__RAW DATA__.
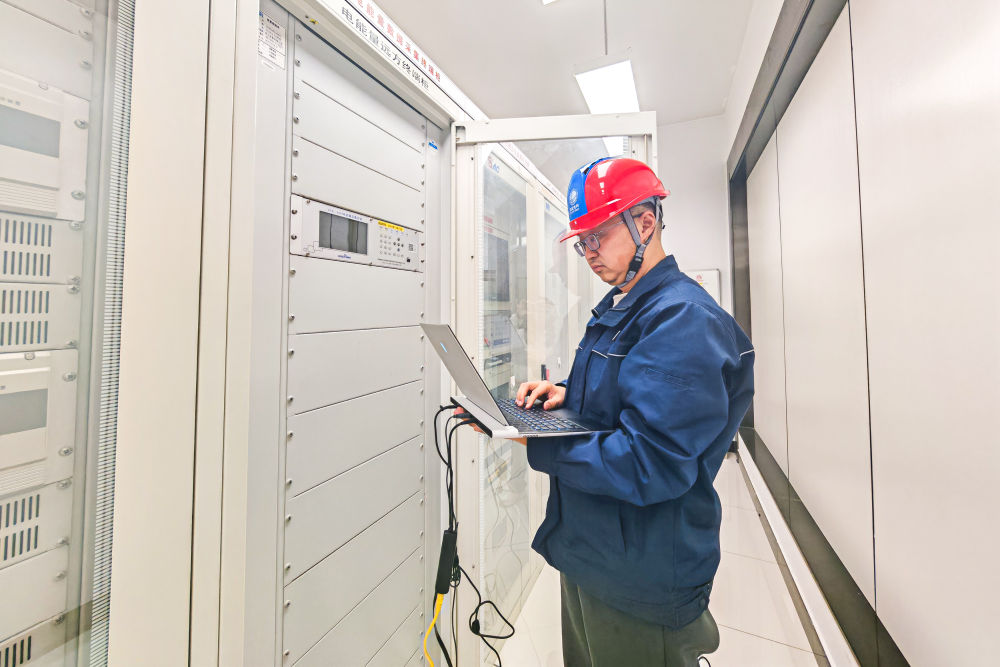 ↑ 2月16日,国网湖北超高压公司工作人员在宜昌500千伏安福变电站对设备进行巡检。新华社记者 肖艺九 摄
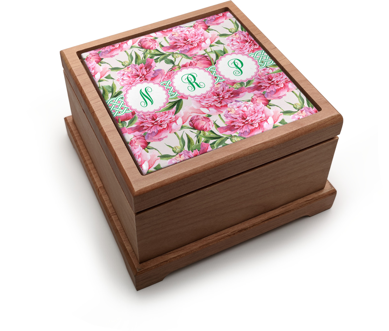 We chose to personalize it with Celtic ribbon and triple scallop labels with initials in each one of the labels. The coordinating design is also stunning with stripes of pink on the bottom.
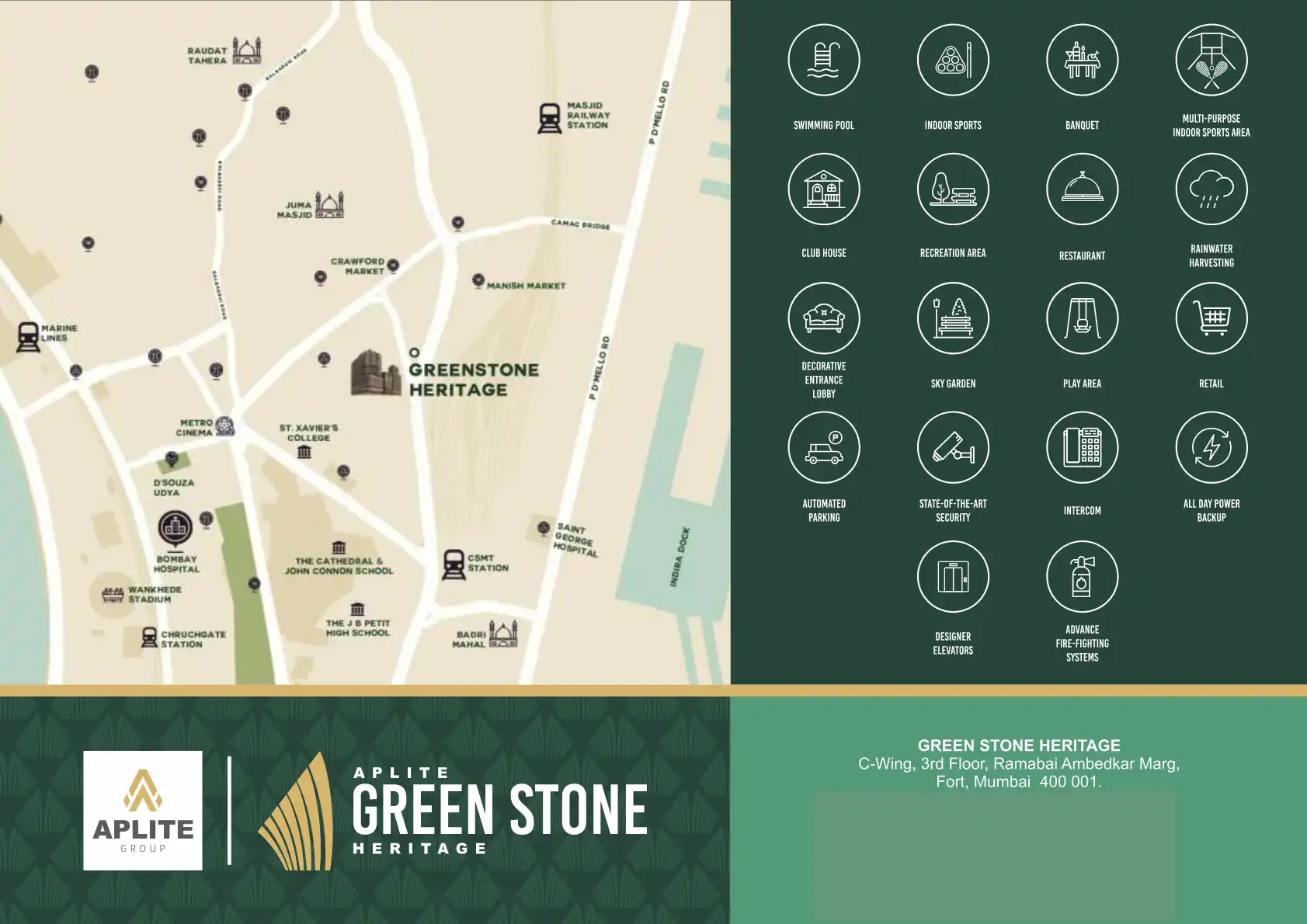 Greenstone Heritage is located in Mumbai's Crawford Market area. Presenting six towers, the architecture mixes utility with heritage, bringing you a classical home with a modern heart.
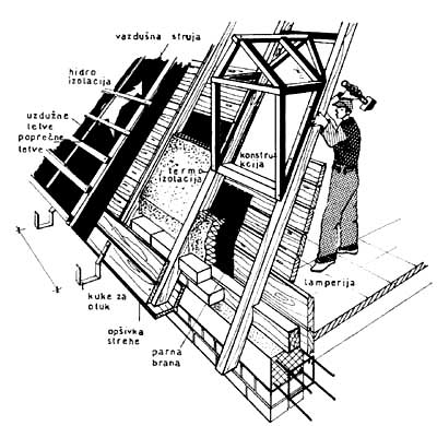 Sl. 9.2 Konstrukcija termo i hidroizolacije potkrovlja sa slojevima toplotne zaštite između rogova
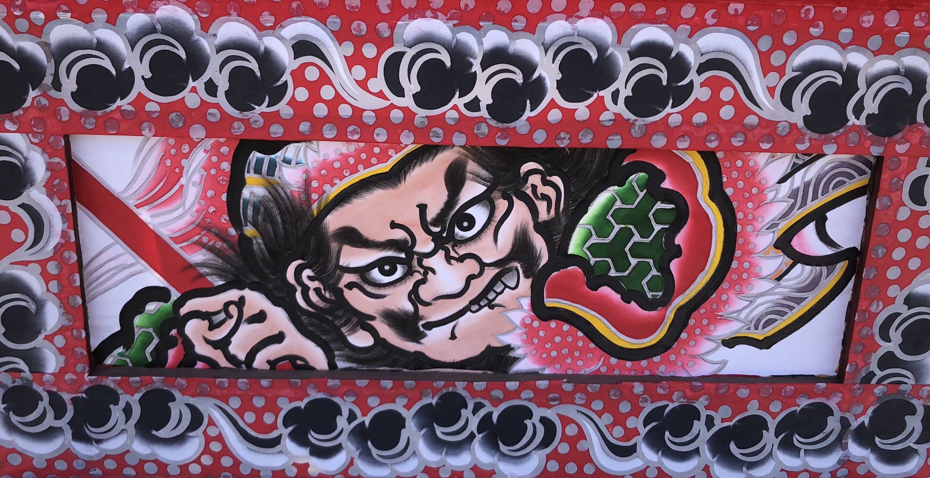 HIU最大のイベント、ホリエモン万博のキービジュアルを再現したねぷた絵(後ろ絵)を切り取り、堀江貴文氏にサインを頂きお届けします。
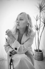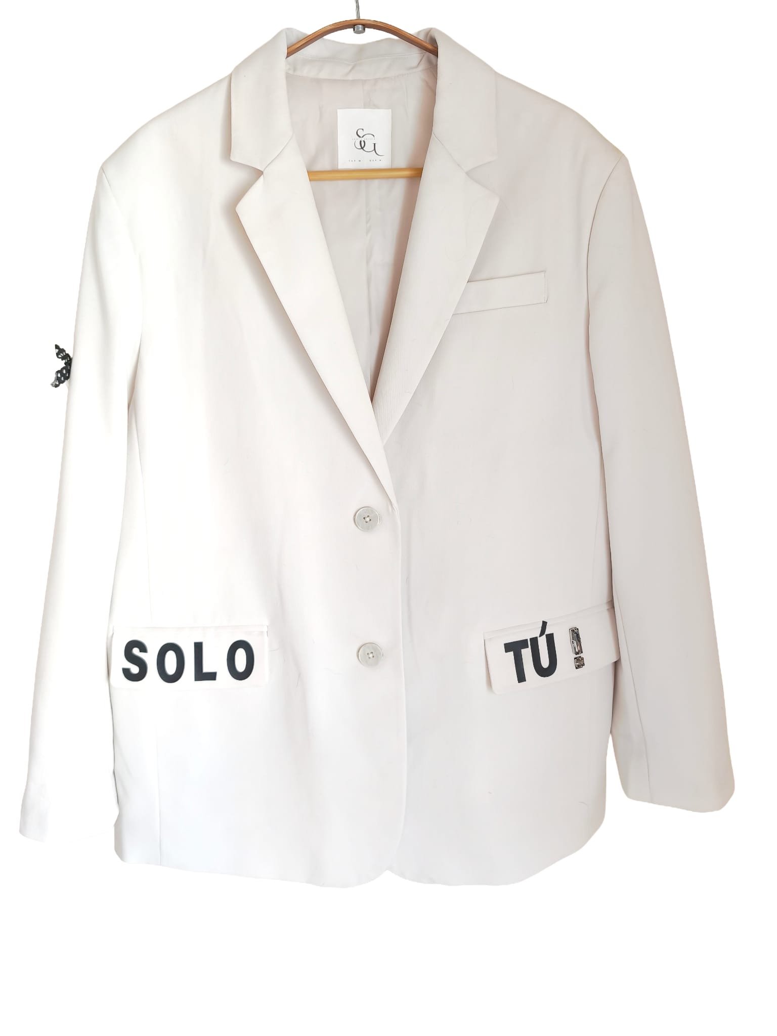 Blazer color hueso con un llamativo estampado trasero de una figura de moda. Con los textos "ESSENCE" y un símbolo de hashtag, esta pieza única fusiona el arte callejero con la sofisticación, perfecta para quienes buscan un estilo audaz y moderno.
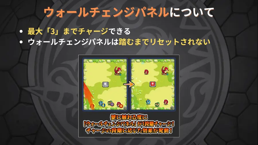 タモアンチャンではウォールチェンジパネルが出現します。ウォールチェンジパネルについては以下のようになっています。
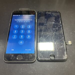液晶不良、操作不良な重度破損iPhoneSE第2世代も画面交換修理で綺麗に!/枚方市渚西より
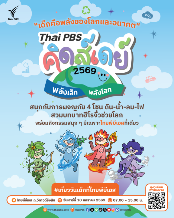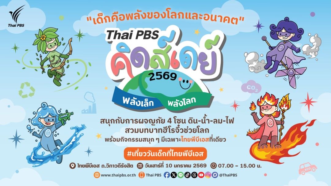 ไทยพีบีเอส เชิญชวนร่วมงาน “Thai PBS คิดส์เดย์ 2569 พลังเล็กพลังโลก” ในวันเสาร์ที่ 10 ม.ค. 69 เปิดพื้นที่แห่งจินตนาการและการผจญภัยให้เด็ก ๆ ได้สวมบทฮีโรจิ๋วพิทักษ์โลก ผ่านกิจกรรมสร้างสรรค์ความรู้ด้านสิ่งแวดล้อม และกิจกรรมที่ช่วยพัฒนาทักษะสมอง (EF) ส่งเสริมทักษะทางสังคม และเสริมสร้างความฉลาดทางอารมณ์
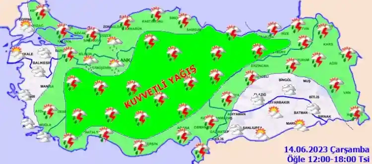Meteoroloji Genel Müdürlüğü tarafından yapılan son değerlendirmelere göre: Ülkemiz genelinin parçalı ve yer yer çok bulutlu, Marmara'nın kuzey ve doğusu, İç Ege, Akdeniz, İç Anadolu, Karadeniz, Doğu Anadolu'nun kuzey ve doğusu ile Muğla,Aydın'ın iç kesimleri, Malatya, G. Antep ve Adıyaman çevrelerinin yerel olmak üzere aralıklı sağanak ve gök gürültülü sağanak yağışlı geçeceği tahmin ediliyor. Yağışların Aksaray ve Giresun çevreleri ile zamanla Batı Akdeniz'in iç kesimleri, İç Anadolu (Eskişehir çevreleri ile Ankara'nın kuzeybatı kesimleri hariç), Orta Karadeniz, Doğu Karadeniz kıyıları ile Afyonkarahisar, Kütahya, Uşak, Denizli'nin doğusu, Adana ve Gümüşhane çevrelerinde yer yer kuvvetli olması bekleniyor.
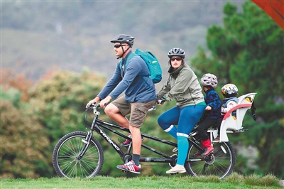 4月20日,在新西兰惠灵顿市郊,一家四口骑车出行。
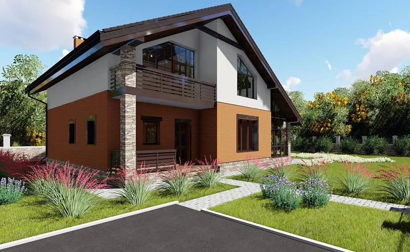 Дом со вторым этажом мансардного типа, построенный в стиле шале. Планировка просторного первого этажа полностью отдана под так называемые нежилые помещения и гостиную, площадью 26,78 м2. На входе гостей встречает небольшая прихожая с дверью в кладовую, чуть дальше санузел и рабочий кабинет главы семейства. В отсутствии необходимости такого помещения допускается перепланировка под другие цели, например, детская игровая комната, просторная гардеробная или что-то иное.
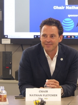 June 8, 2022 (El Cajon) -- Nathan Fletcher, Chairman of the San Diego County Board of Supervisors, fielded questions from East County Chamber of Commerce members during a “Dine and Dialogue” event June 2 at the Chamber’s El Cajon conference room. Due to redistricting, Fletcher now represents parts of East County including La Mesa, Rancho San Diego and Spring Valley, so for many of his new constituents, this was their first opportunity to meet their new Supervisor.
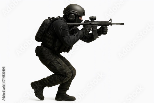 Special forces soldier in tactical gear aims rifle during training exercise in urban environment focusing on precision and teamwork
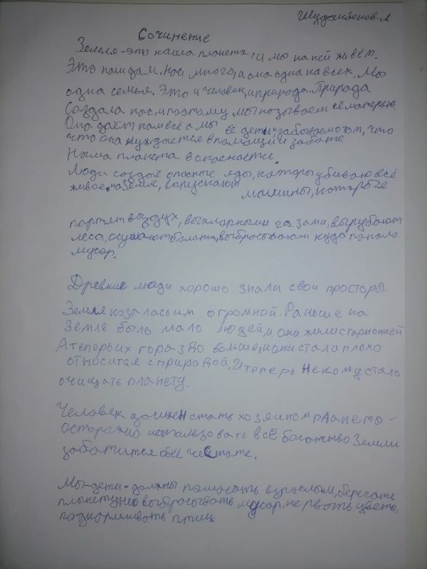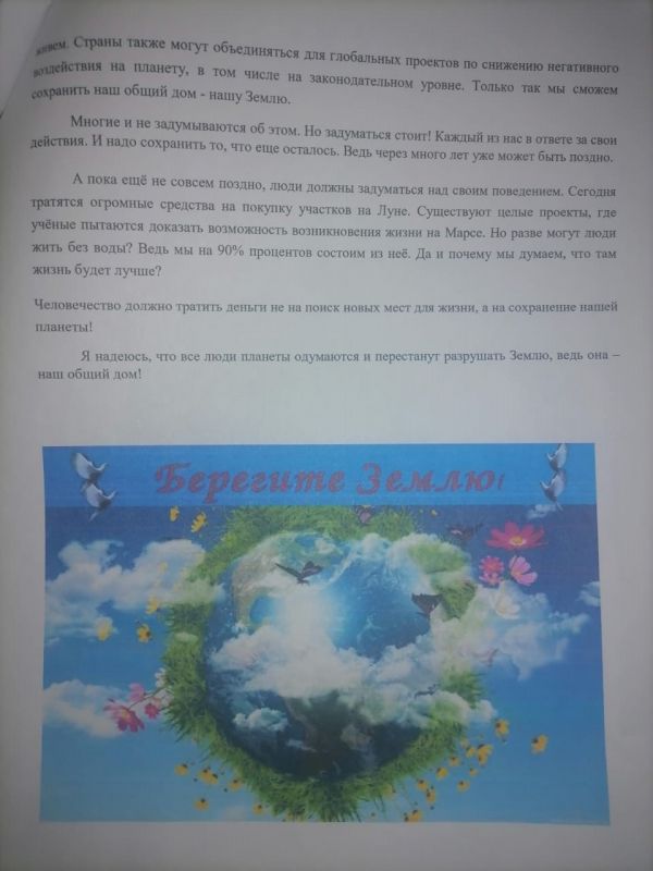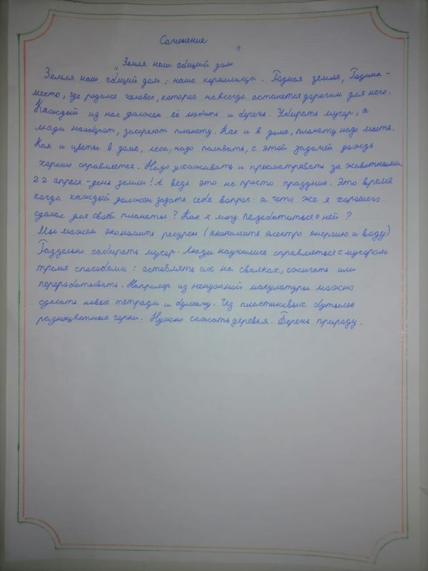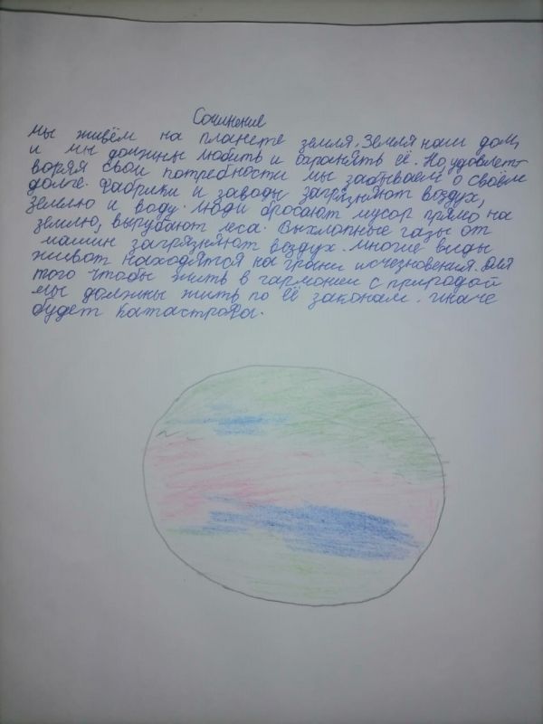 В рамках недели естественнонаучной грамотности учащиеся 3 «Б» класса нашей школы написали сочинение "Земля - наш общий дом".

__TASK BRIEF__.
Transcribe the data exactly, minus any images.

__RESULT OF THIS TASK__.
 ↑ 2月16日,国网湖北超高压公司工作人员在宜昌500千伏安福变电站对设备进行巡检。新华社记者 肖艺九 摄
 We chose to personalize it with Celtic ribbon and triple scallop labels with initials in each one of the labels. The coordinating design is also stunning with stripes of pink on the bottom.
 Greenstone Heritage is located in Mumbai's Crawford Market area. Presenting six towers, the architecture mixes utility with heritage, bringing you a classical home with a modern heart.
 Sl. 9.2 Konstrukcija termo i hidroizolacije potkrovlja sa slojevima toplotne zaštite između rogova
 HIU最大のイベント、ホリエモン万博のキービジュアルを再現したねぷた絵(後ろ絵)を切り取り、堀江貴文氏にサインを頂きお届けします。
 Blazer color hueso con un llamativo estampado trasero de una figura de moda. Con los textos "ESSENCE" y un símbolo de hashtag, esta pieza única fusiona el arte callejero con la sofisticación, perfecta para quienes buscan un estilo audaz y moderno.
 タモアンチャンではウォールチェンジパネルが出現します。ウォールチェンジパネルについては以下のようになっています。
液晶不良、操作不良な重度破損iPhoneSE第2世代も画面交換修理で綺麗に!/枚方市渚西より
 ไทยพีบีเอส เชิญชวนร่วมงาน “Thai PBS คิดส์เดย์ 2569 พลังเล็กพลังโลก” ในวันเสาร์ที่ 10 ม.ค. 69 เปิดพื้นที่แห่งจินตนาการและการผจญภัยให้เด็ก ๆ ได้สวมบทฮีโรจิ๋วพิทักษ์โลก ผ่านกิจกรรมสร้างสรรค์ความรู้ด้านสิ่งแวดล้อม และกิจกรรมที่ช่วยพัฒนาทักษะสมอง (EF) ส่งเสริมทักษะทางสังคม และเสริมสร้างความฉลาดทางอารมณ์
Meteoroloji Genel Müdürlüğü tarafından yapılan son değerlendirmelere göre: Ülkemiz genelinin parçalı ve yer yer çok bulutlu, Marmara'nın kuzey ve doğusu, İç Ege, Akdeniz, İç Anadolu, Karadeniz, Doğu Anadolu'nun kuzey ve doğusu ile Muğla,Aydın'ın iç kesimleri, Malatya, G. Antep ve Adıyaman çevrelerinin yerel olmak üzere aralıklı sağanak ve gök gürültülü sağanak yağışlı geçeceği tahmin ediliyor. Yağışların Aksaray ve Giresun çevreleri ile zamanla Batı Akdeniz'in iç kesimleri, İç Anadolu (Eskişehir çevreleri ile Ankara'nın kuzeybatı kesimleri hariç), Orta Karadeniz, Doğu Karadeniz kıyıları ile Afyonkarahisar, Kütahya, Uşak, Denizli'nin doğusu, Adana ve Gümüşhane çevrelerinde yer yer kuvvetli olması bekleniyor.
 4月20日,在新西兰惠灵顿市郊,一家四口骑车出行。
 Дом со вторым этажом мансардного типа, построенный в стиле шале. Планировка просторного первого этажа полностью отдана под так называемые нежилые помещения и гостиную, площадью 26,78 м2. На входе гостей встречает небольшая прихожая с дверью в кладовую, чуть дальше санузел и рабочий кабинет главы семейства. В отсутствии необходимости такого помещения допускается перепланировка под другие цели, например, детская игровая комната, просторная гардеробная или что-то иное.
 June 8, 2022 (El Cajon) -- Nathan Fletcher, Chairman of the San Diego County Board of Supervisors, fielded questions from East County Chamber of Commerce members during a “Dine and Dialogue” event June 2 at the Chamber’s El Cajon conference room. Due to redistricting, Fletcher now represents parts of East County including La Mesa, Rancho San Diego and Spring Valley, so for many of his new constituents, this was their first opportunity to meet their new Supervisor.
 Special forces soldier in tactical gear aims rifle during training exercise in urban environment focusing on precision and teamwork
 В рамках недели естественнонаучной грамотности учащиеся 3 «Б» класса нашей школы написали сочинение "Земля - наш общий дом".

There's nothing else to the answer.